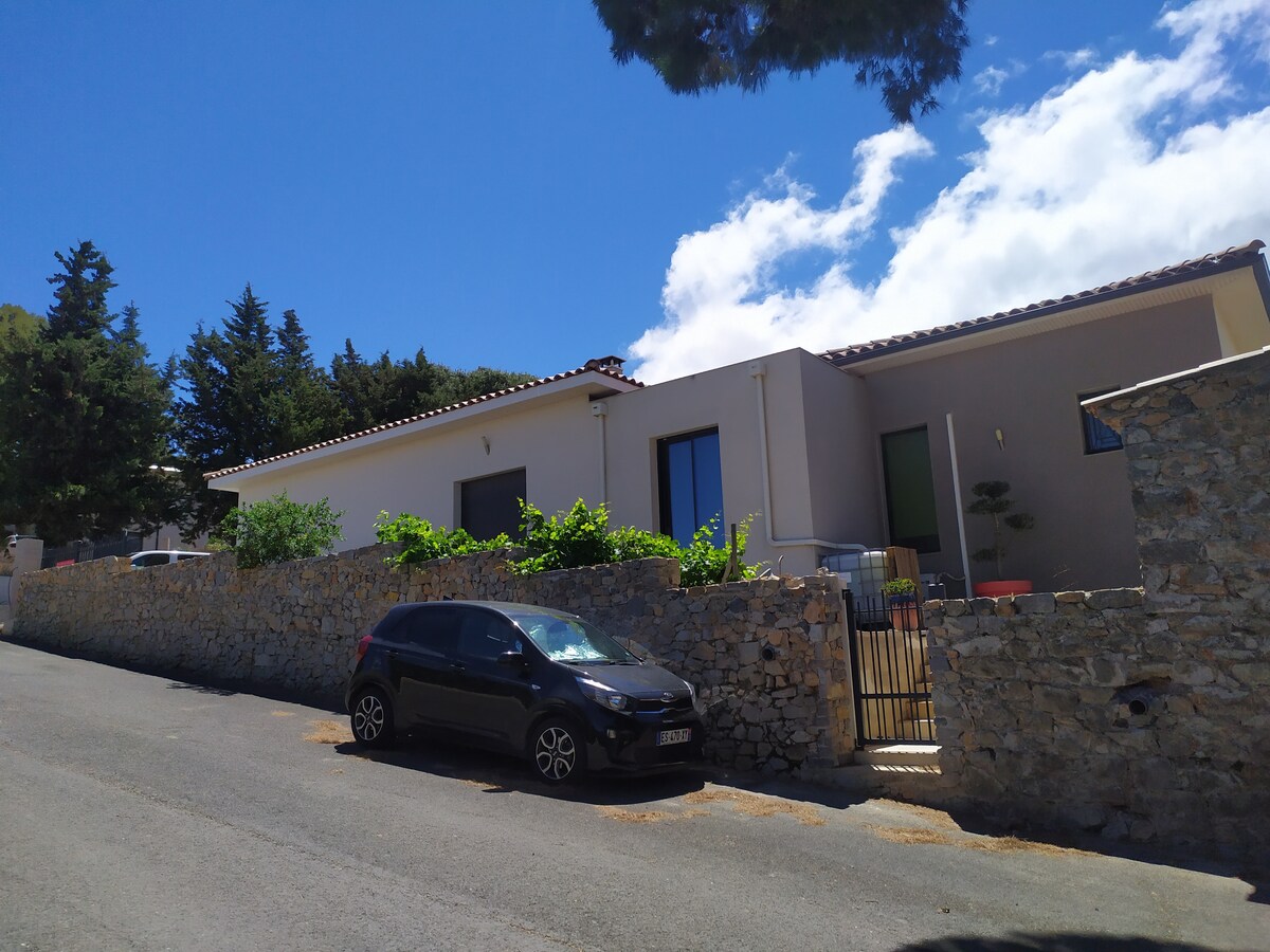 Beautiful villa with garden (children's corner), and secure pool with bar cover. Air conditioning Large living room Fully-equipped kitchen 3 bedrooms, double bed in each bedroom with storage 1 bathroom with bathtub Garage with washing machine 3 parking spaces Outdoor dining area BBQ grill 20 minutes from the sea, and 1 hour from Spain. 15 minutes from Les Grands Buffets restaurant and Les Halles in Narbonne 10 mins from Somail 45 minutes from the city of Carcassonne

==

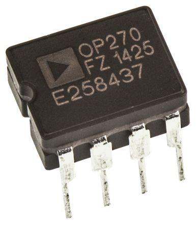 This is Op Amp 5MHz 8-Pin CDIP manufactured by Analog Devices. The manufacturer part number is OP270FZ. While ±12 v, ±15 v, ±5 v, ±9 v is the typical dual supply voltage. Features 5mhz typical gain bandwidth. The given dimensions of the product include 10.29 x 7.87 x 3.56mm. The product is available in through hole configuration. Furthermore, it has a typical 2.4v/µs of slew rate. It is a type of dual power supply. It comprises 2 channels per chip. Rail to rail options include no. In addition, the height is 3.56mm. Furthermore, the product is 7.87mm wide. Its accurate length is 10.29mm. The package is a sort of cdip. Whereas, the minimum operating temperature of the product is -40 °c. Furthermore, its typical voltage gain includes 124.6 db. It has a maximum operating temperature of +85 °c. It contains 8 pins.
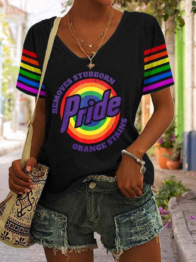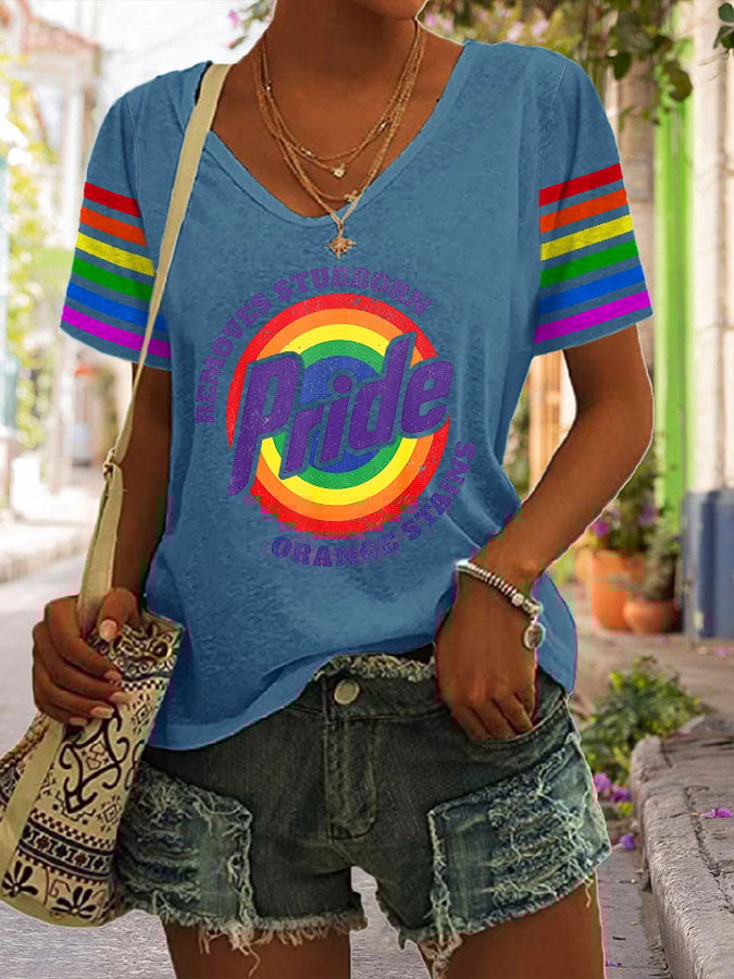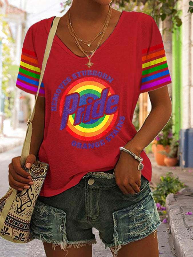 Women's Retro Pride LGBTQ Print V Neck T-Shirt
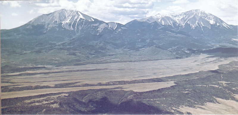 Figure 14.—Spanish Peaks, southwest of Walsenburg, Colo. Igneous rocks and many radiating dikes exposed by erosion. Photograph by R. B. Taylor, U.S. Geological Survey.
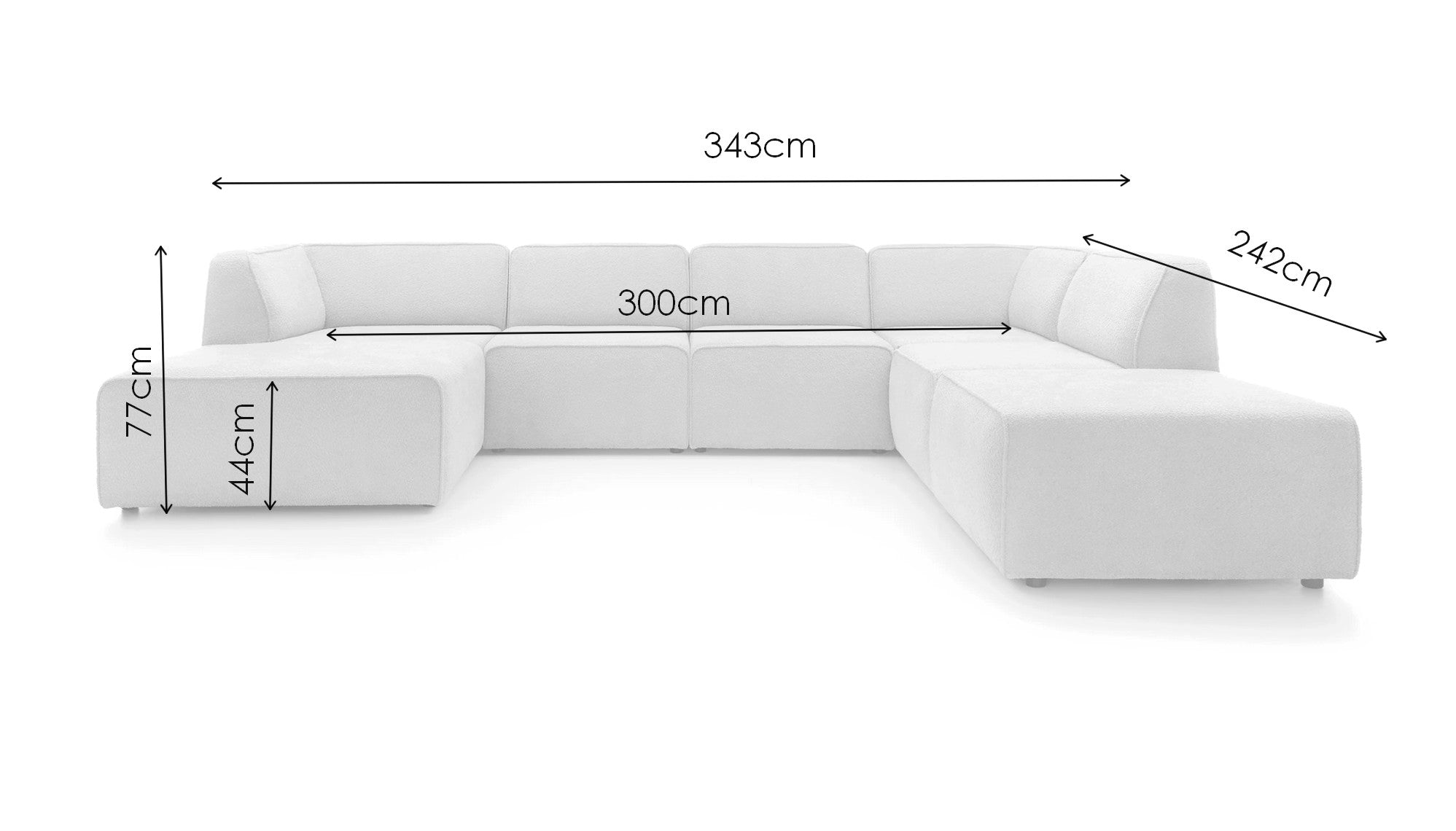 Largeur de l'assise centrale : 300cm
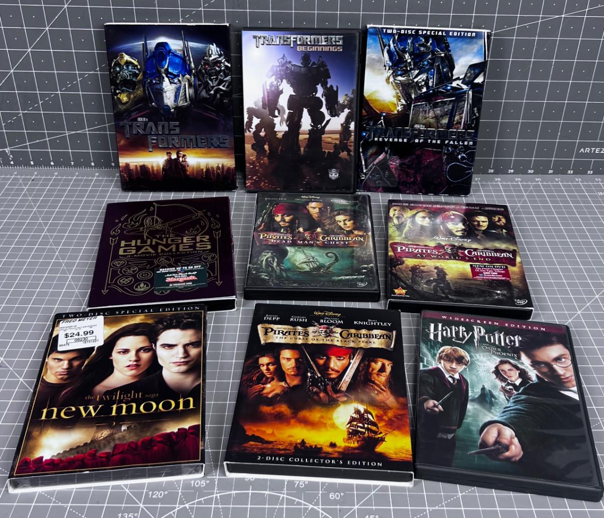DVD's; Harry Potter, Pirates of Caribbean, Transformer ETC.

== Try it ==
In the listing above, find the line containing "Largeur de l'assise centrale : 300cm". Output it and every line after it up to and including the line containing "DVD's; Harry Potter, Pirates", exactly, but skip the pictures.

== Answer for the task ==
 Largeur de l'assise centrale : 300cm
DVD's; Harry Potter, Pirates of Caribbean, Transformer ETC.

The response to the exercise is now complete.